===== Data section =====
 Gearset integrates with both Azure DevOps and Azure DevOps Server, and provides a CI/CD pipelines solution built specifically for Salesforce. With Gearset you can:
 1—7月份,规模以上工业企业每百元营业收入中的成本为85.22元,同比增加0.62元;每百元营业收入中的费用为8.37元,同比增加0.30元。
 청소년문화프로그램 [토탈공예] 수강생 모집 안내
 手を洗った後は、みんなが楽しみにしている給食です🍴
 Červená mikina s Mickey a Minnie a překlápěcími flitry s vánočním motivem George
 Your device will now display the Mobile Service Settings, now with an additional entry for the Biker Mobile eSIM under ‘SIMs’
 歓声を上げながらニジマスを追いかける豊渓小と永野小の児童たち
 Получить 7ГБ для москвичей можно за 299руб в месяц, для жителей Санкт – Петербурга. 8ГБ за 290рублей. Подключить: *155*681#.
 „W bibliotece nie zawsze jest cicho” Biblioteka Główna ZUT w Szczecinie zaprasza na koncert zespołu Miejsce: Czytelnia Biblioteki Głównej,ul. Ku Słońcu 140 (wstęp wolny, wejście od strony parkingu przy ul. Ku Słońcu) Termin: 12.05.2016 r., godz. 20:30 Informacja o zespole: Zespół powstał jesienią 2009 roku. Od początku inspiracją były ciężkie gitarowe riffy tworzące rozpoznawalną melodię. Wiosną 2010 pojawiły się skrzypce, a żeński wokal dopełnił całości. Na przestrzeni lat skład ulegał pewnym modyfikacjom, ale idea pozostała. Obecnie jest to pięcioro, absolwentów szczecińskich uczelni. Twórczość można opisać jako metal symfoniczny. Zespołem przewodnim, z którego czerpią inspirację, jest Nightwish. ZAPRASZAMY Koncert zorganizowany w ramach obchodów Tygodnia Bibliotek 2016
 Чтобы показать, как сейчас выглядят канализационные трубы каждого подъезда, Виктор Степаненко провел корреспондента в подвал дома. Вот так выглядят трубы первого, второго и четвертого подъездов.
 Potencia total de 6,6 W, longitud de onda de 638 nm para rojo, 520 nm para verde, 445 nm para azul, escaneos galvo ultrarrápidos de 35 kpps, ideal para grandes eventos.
=====
• What is being asked:
What's needed is a word-for-word restatement of all the entries.

• Solution to this exercise:
 Gearset integrates with both Azure DevOps and Azure DevOps Server, and provides a CI/CD pipelines solution built specifically for Salesforce. With Gearset you can:
 1—7月份,规模以上工业企业每百元营业收入中的成本为85.22元,同比增加0.62元;每百元营业收入中的费用为8.37元,同比增加0.30元。
 청소년문화프로그램 [토탈공예] 수강생 모집 안내
 手を洗った後は、みんなが楽しみにしている給食です🍴
 Červená mikina s Mickey a Minnie a překlápěcími flitry s vánočním motivem George
 Your device will now display the Mobile Service Settings, now with an additional entry for the Biker Mobile eSIM under ‘SIMs’
 歓声を上げながらニジマスを追いかける豊渓小と永野小の児童たち
 Получить 7ГБ для москвичей можно за 299руб в месяц, для жителей Санкт – Петербурга. 8ГБ за 290рублей. Подключить: *155*681#.
 „W bibliotece nie zawsze jest cicho” Biblioteka Główna ZUT w Szczecinie zaprasza na koncert zespołu Miejsce: Czytelnia Biblioteki Głównej,ul. Ku Słońcu 140 (wstęp wolny, wejście od strony parkingu przy ul. Ku Słońcu) Termin: 12.05.2016 r., godz. 20:30 Informacja o zespole: Zespół powstał jesienią 2009 roku. Od początku inspiracją były ciężkie gitarowe riffy tworzące rozpoznawalną melodię. Wiosną 2010 pojawiły się skrzypce, a żeński wokal dopełnił całości. Na przestrzeni lat skład ulegał pewnym modyfikacjom, ale idea pozostała. Obecnie jest to pięcioro, absolwentów szczecińskich uczelni. Twórczość można opisać jako metal symfoniczny. Zespołem przewodnim, z którego czerpią inspirację, jest Nightwish. ZAPRASZAMY Koncert zorganizowany w ramach obchodów Tygodnia Bibliotek 2016
 Чтобы показать, как сейчас выглядят канализационные трубы каждого подъезда, Виктор Степаненко провел корреспондента в подвал дома. Вот так выглядят трубы первого, второго и четвертого подъездов.
 Potencia total de 6,6 W, longitud de onda de 638 nm para rojo, 520 nm para verde, 445 nm para azul, escaneos galvo ultrarrápidos de 35 kpps, ideal para grandes eventos.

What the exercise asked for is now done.